Optionally, select an Environment Spec to specify the Kubernetes runtime environment for the sync component.
Click Next.

YAML formatting caveat

Follow these two rules when filling in the Hive Meta Sync Content field:

No leading whitespace on any line. Top-level keys, including bootstrap.servers: and hive.clusters:, must start at column 0.
Single-quote the sasl.jaas.config value. It contains double quotes, semicolons, and equals signs that can be misparsed without single quotes.

Breaking either rule causes the Meta Sync pod to fail to start with a YAML parse error. If this happens, edit the configuration to satisfy both rules and resubmit.

Step 6. Preview and submit

In the Configuration Preview step, review the following sections:
- Basic Information: Confirms the account and service configuration template.
- Hive Meta Sync Content: Shows the selected profile, environment spec, and a full preview of the sync configuration content.
If everything is correct, click Submit to create the synchronization configuration. SynxDB Cloud provisions the Meta Sync pod automatically, and the pod begins consuming from the configured Kafka topic.

Verify the synchronization

From a Hive client, create a test table in a database listed in cn.cbdb.apiary.kafka.autosync.databases.<catalog>:
```
-- in beeline
CREATE TABLE default.sync_test (id INT, name STRING) STORED AS PARQUET;
```

After a few seconds, list foreign tables in the target SynxDB Cloud database.

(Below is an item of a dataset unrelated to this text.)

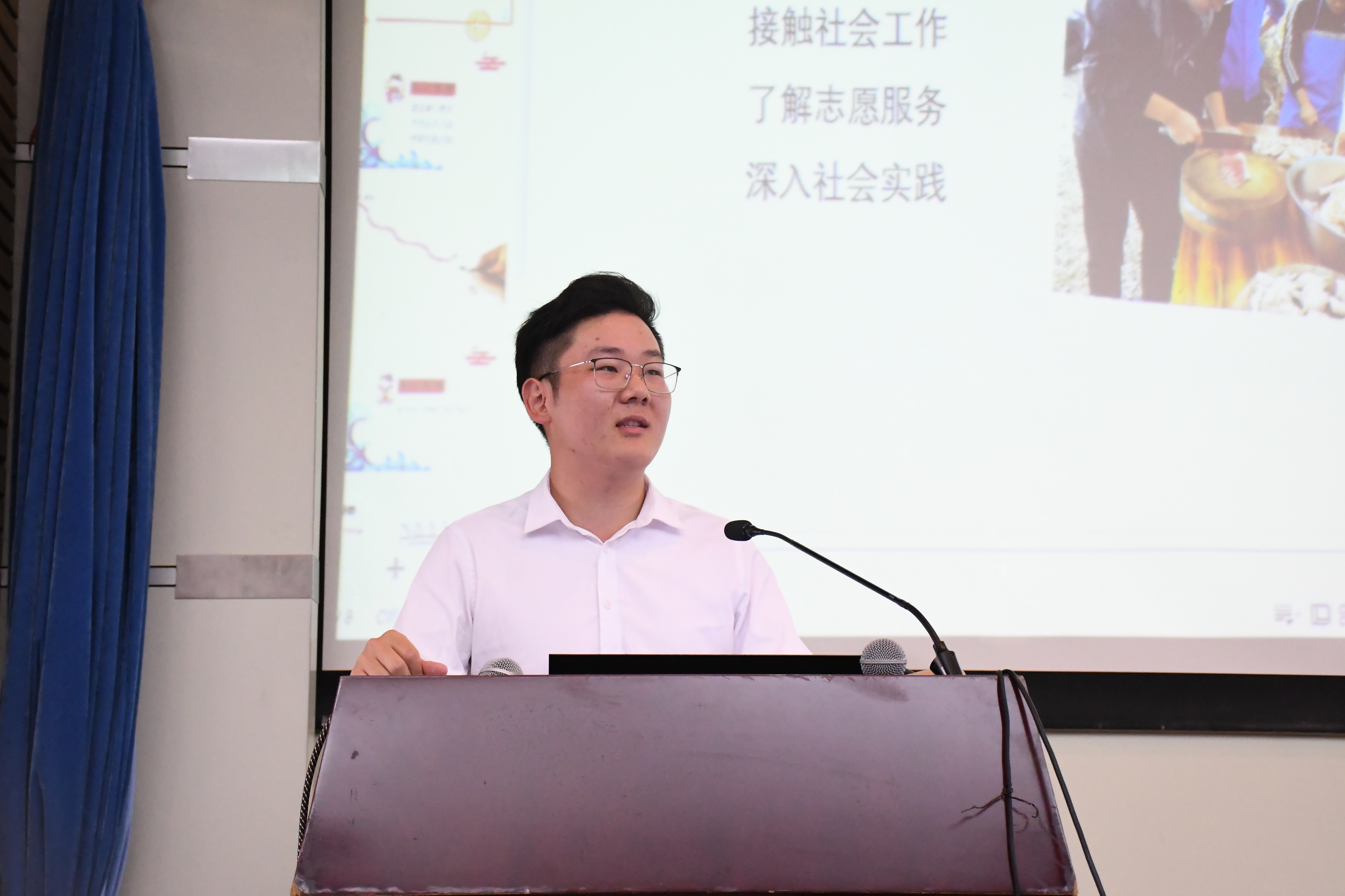 志愿服务达人高志伟强调了集体的重要性,从自己大一到大三的三年求学经历中总结经验,在强调班级凝聚力、行动的意义后,向大家提出三点建议,应尝试第二学位、第二语言;应参加文体活动,得到人无我有的能力;应注重社交能力的培养,提升社会认知,学习之余也应关注社会工作。他强调,工作态度比能力更重要,无论什么时候都要有不喜欢也应尽力做、不会就学的态度。

The new table appears in the public schema:

-- in psql, connected to hivedb
\det+

Expected output:

 Schema |   Table   |         Server          | FDW options
--------+-----------+-------------------------+-------------
 public | sync_test | __hive_auto_sync_server | ...

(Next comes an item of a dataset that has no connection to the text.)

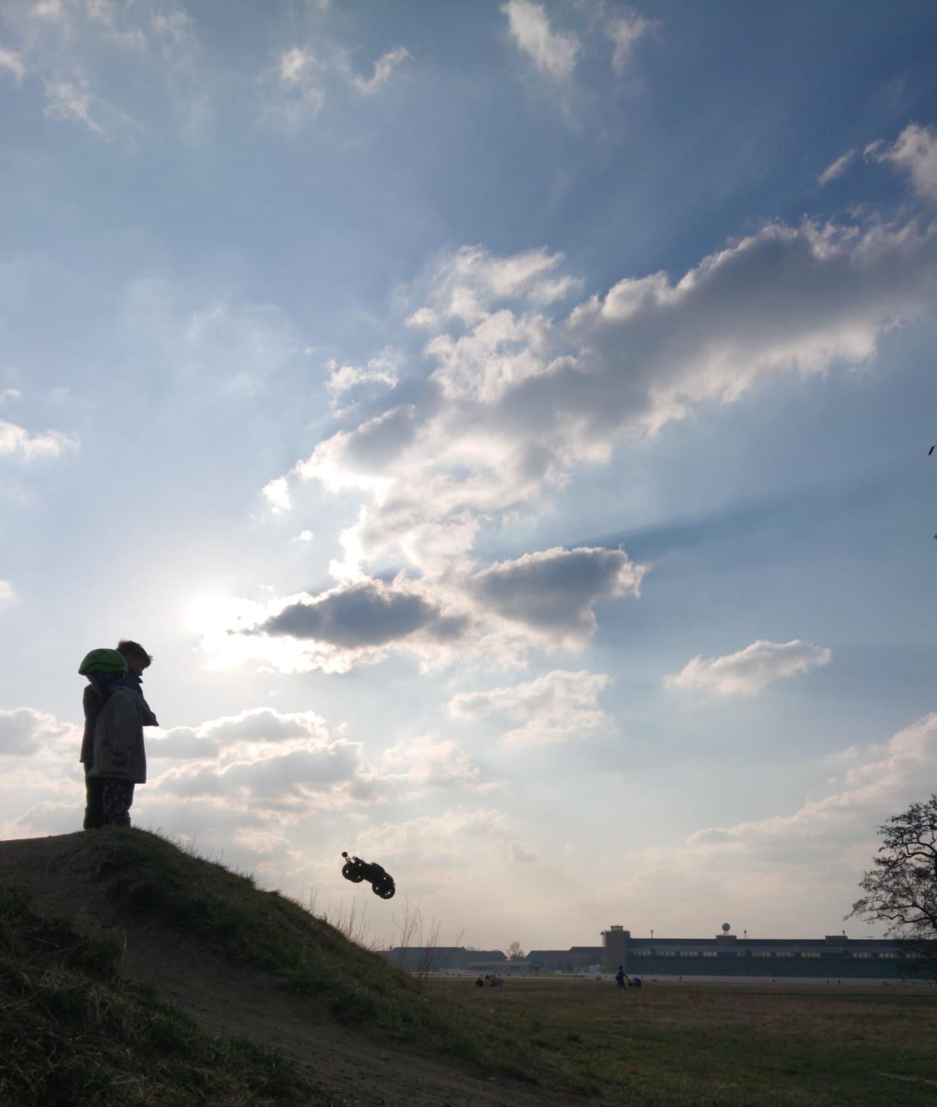 Hier noch ein Foto vom heutigen Belastungstest auf dem Flughafen Tempelhof. Mein kleiner Neffe hat echt alles gegeben. Mehr als die WheelyBar hat er aber nicht kaputt bekommen.

Verify drop synchronization as well:
```
-- in beeline
DROP TABLE default.sync_test;
```
After a few seconds, \det in hivedb no longer lists the table.

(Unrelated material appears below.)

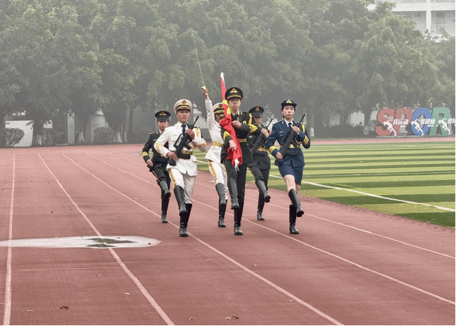 随着清晨的第一缕阳光洒满校园,升旗仪式在雄壮的国歌声中拉开序幕。国旗护卫队迈着矫健的步伐,护送五星红旗走向升旗台。在全体师生的注目礼下,国旗冉冉升起,迎风飘扬,激发了全体师生的爱国情怀和民族自豪感。

If the expected foreign table does not appear, check the Meta Sync pod log for errors.

Manage sync tasks

After the task is created, you can manage the synchronization task from the list view on the Hive Meta Sync tab. The list displays the following columns: ID, Account Name, Status, Created, Active/Deactivate, and Action.

Status

Each Hive Meta Sync task has one of the following statuses:

Pending: The task has been created but is not yet running.
Running: The task is actively synchronizing Hive metadata.
Suspended: The task has been deactivated and is not processing metadata changes.

Available operations

Active/Deactivate toggle: Activates or deactivates the sync task. When you deactivate the task, SynxDB Cloud stops synchronizing metadata changes and the status changes to Suspended.
Edit: Opens the edit form, where you can modify the profile, sync configuration content, and environment spec. Click Submit to save your changes.
Delete: Permanently removes the sync task.